What is the difference between mentoring and sponsorship in the context of women's leadership?

Mentoring gives advice. Sponsorship gives access. A mentor meets with a high-potential woman and helps her navigate her career. A sponsor advocates for her in rooms she is not in, puts her name forward for visible opportunities, and uses their political capital on her behalf. In Indian organisations, where informal networks are particularly influential in how advancement opportunities are distributed, the sponsorship gap is a primary driver of the progression disparity. Most women in leadership programmes include mentoring but do not structure true sponsorship.

What is the broken rung and why does it matter more than the glass ceiling?

The broken rung refers to the first promotion from individual contributor to manager. Research on gender gaps in Indian corporate pipelines consistently shows this as the most critical attrition point for women: if they do not reach the first management level, they are permanently excluded from consideration for every level above it. The glass ceiling receives more attention in leadership conversations, but numerically the broken rung accounts for a larger share of the overall representation gap because it operates on a much larger cohort.

How should assessment be used in women's leadership development programmes?

Assessment anchors individual development plans in specific, behavioural data rather than generic curriculum assumptions. For senior women, assessment frequently reveals that the development need is not confidence or communication, which is what most generic programmes deliver, but highly specific strategic influence, stakeholder navigation, or executive communication capabilities. Assessment-anchored programmes give each participant a development plan that addresses their actual gaps rather than the gaps the programme has decided all women must have.

How can an organisation audit whether its talent processes are gender-equitable?

A gender audit of talent processes examines promotion rates at each management transition by gender, succession planning nominations by gender against comparable performance profiles, the criteria used in promotion decisions and whether they carry gender pattern in outcomes, the distribution of visible assignments and high-profile projects by gender, and the rate at which 360-degree feedback recommendations are actioned for men versus women. This data typically surfaces the specific transition points and decision processes where women are most consistently disadvantaged and where targeted redesign will have the most impact.

What role does senior leadership commitment play in women's leadership programme outcomes?

It is the single most important variable.
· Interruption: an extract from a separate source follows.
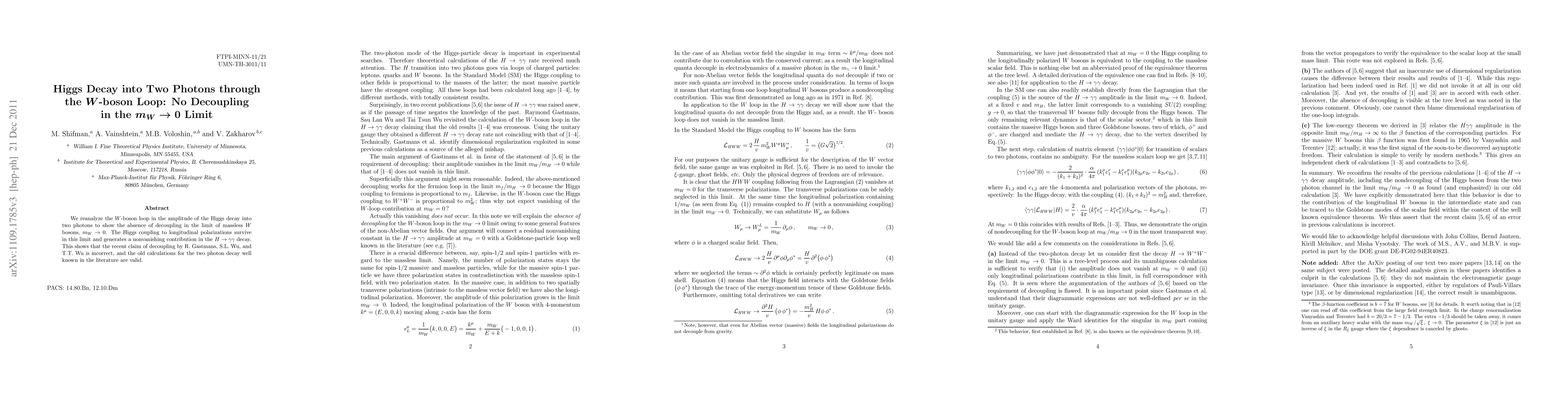 We reanalyze the W-boson loop in the amplitude of the Higgs decay into two photons to show the absence of decoupling in the limit of massless W bosons, m_W --> 0. The Higgs coupling to longitudinal polarizations survive in this limit and generates a nonvanishing contribution in the $H\to \gamma\gamma$ decay. This shows that the recent claim of decoupling by R. Gastmans, S.L. Wu, and T.T. Wu is incorrect, and the old calculations for the two photon decay well known in the literature are valid.
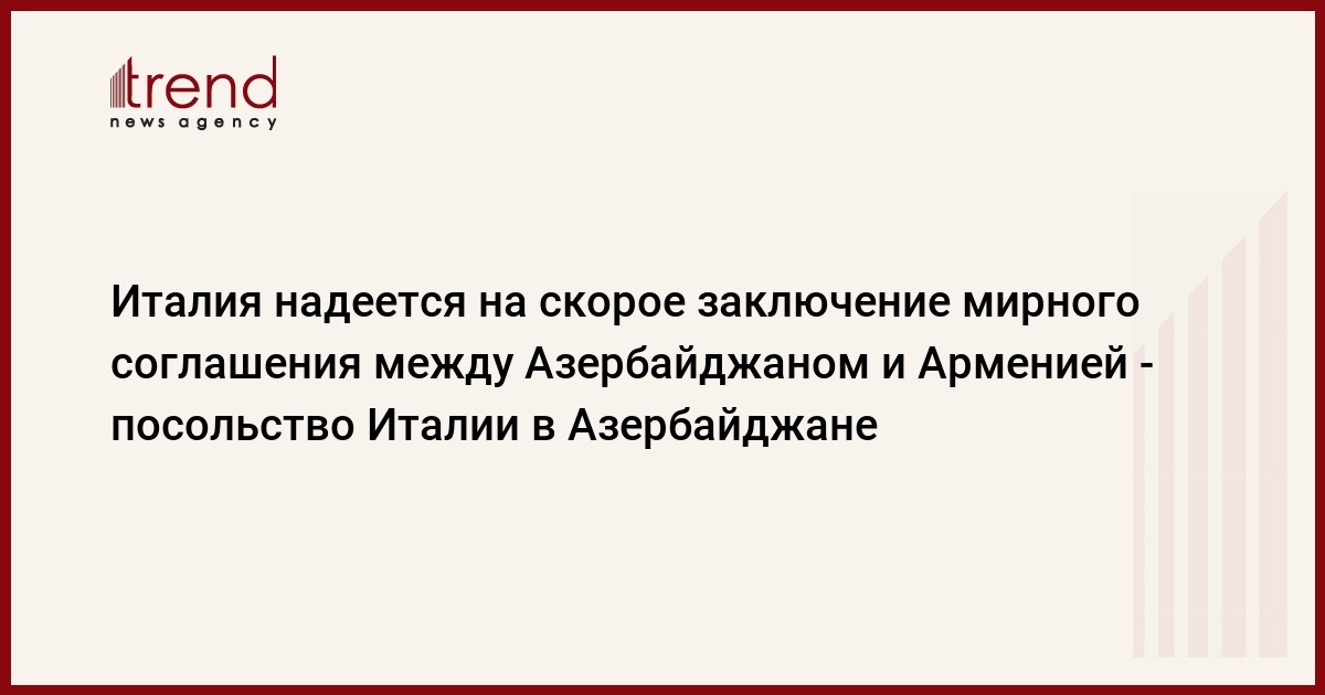 БАКУ /Trend/ - Италия надеется на скорое заключение мирного соглашения между Азербайджаном и Арменией.

Programmes run by HR without senior leadership accountability for the system-level changes produce development outcomes but no representation movement. Senior leaders who are willing to examine talent processes, act as sponsors rather than just mentors, and hold themselves and their peers accountable for equitable advancement decisions are the condition under which individual development investment translates into leadership pipeline change. Without this, programmes produce a series of well-developed women who leave for organisations where the system is more likely to support their advancement.

Why do Indian organisations continue to commission generic women in leadership programmes if they do not produce representation change?

In part because the individual development outcomes are real and valued, even when the organisational outcomes do not materialise. Participants learn something. The programme can be reported as an investment in gender diversity. The failure to move representation metrics is rarely attributed directly to the programme design because the causal chain between programme design and representation outcome is long and complex. The organisations that break this cycle are typically those where a CHRO or CEO has asked the harder question: not “are we running a programme?” but “is the proportion of women in senior leadership changing, and if not, why not?”